* _TASK DESCRIPTION_
Reproduce the material below only from the line with "神奈川県川崎市川崎区浜町2-19 (浜川崎) 浜町貸倉庫 詳細データ" to the line with "利用同样的方式,我们可以在上", both included, keeping each line exact and dropping the pictures.

* _EXTRACTED ENTRIES_

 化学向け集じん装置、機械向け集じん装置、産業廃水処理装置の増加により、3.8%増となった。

--

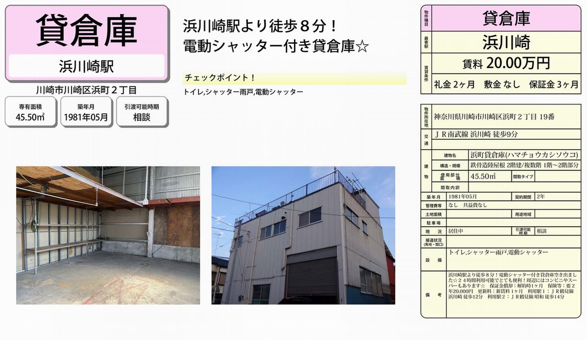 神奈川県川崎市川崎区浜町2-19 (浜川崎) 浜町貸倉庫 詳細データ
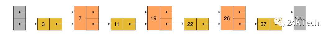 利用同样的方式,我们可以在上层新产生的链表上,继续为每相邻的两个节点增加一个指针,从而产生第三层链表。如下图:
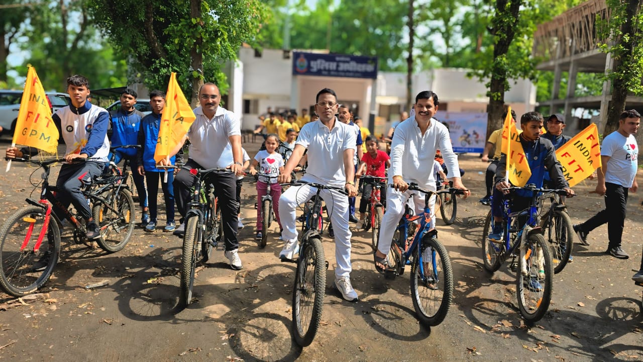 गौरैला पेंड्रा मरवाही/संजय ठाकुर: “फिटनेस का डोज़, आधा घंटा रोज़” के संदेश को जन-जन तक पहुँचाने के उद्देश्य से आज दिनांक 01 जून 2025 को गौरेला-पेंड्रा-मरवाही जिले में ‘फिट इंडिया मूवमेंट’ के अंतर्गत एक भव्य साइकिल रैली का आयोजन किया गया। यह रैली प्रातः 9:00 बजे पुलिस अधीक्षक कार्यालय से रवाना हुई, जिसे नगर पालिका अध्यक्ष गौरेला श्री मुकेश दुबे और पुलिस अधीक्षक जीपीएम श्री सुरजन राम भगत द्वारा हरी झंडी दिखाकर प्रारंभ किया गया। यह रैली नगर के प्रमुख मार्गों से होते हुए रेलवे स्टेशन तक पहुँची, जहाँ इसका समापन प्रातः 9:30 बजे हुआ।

* _OUTPUT FOR THIS TASK_
 神奈川県川崎市川崎区浜町2-19 (浜川崎) 浜町貸倉庫 詳細データ
 利用同样的方式,我们可以在上层新产生的链表上,继续为每相邻的两个节点增加一个指针,从而产生第三层链表。如下图:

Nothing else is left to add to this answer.